I'd like the listing below copied exactly, with the images left out.

======== Supplied data ========

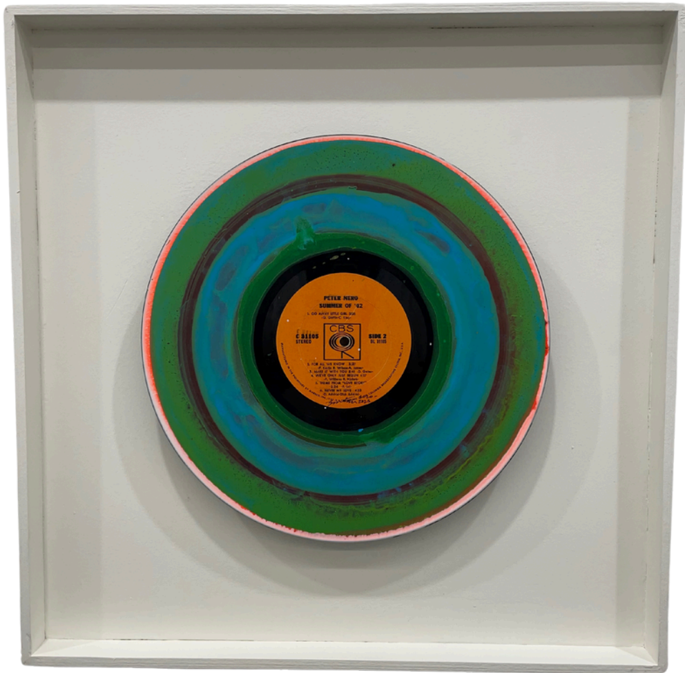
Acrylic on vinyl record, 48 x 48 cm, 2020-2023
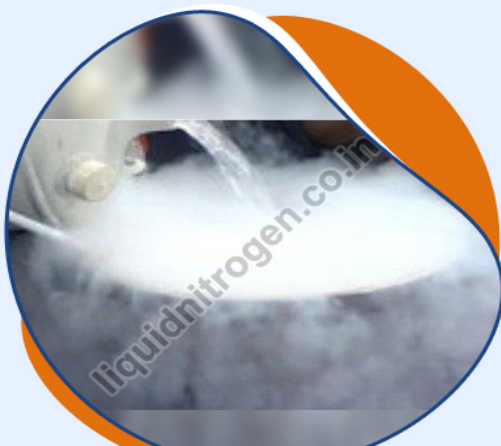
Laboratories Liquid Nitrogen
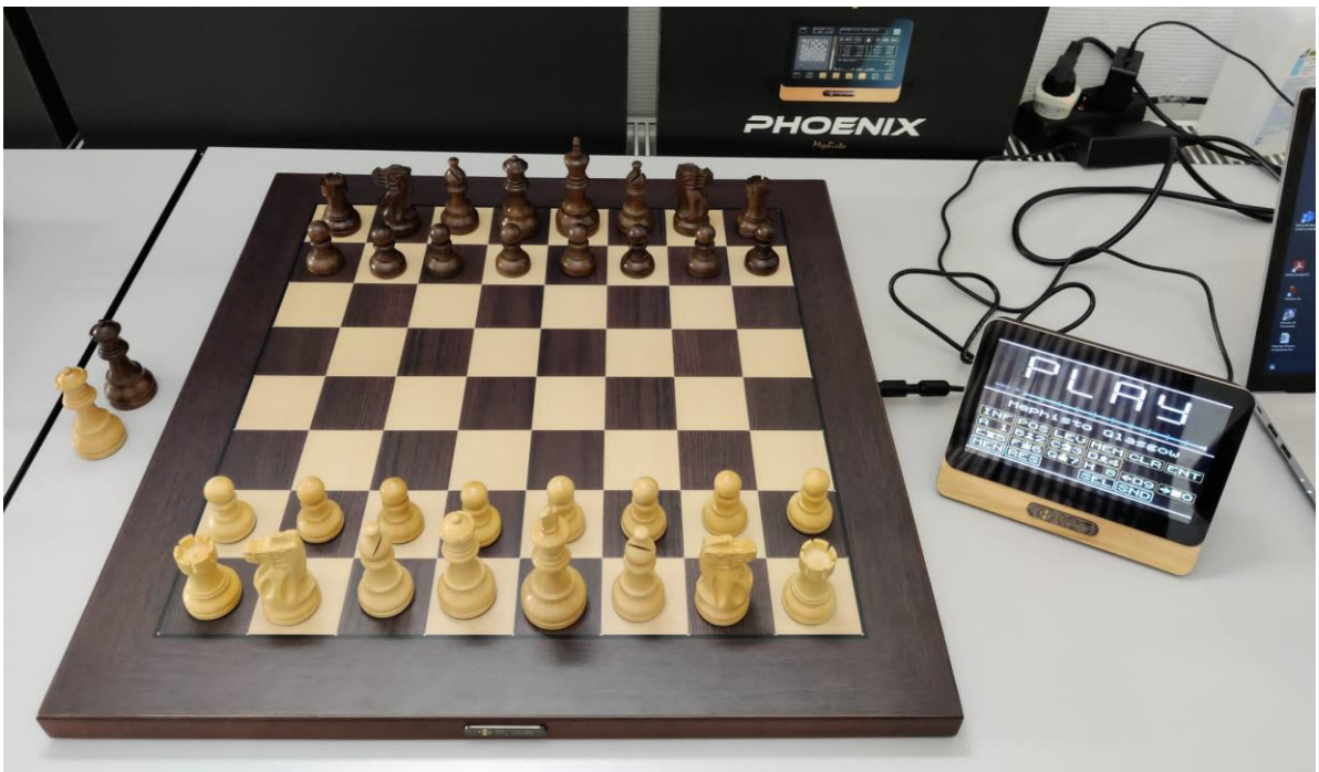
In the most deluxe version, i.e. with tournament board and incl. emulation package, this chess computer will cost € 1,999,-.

========

• _Solution to the exercise_
Acrylic on vinyl record, 48 x 48 cm, 2020-2023
Laboratories Liquid Nitrogen
In the most deluxe version, i.e. with tournament board and incl. emulation package, this chess computer will cost € 1,999,-.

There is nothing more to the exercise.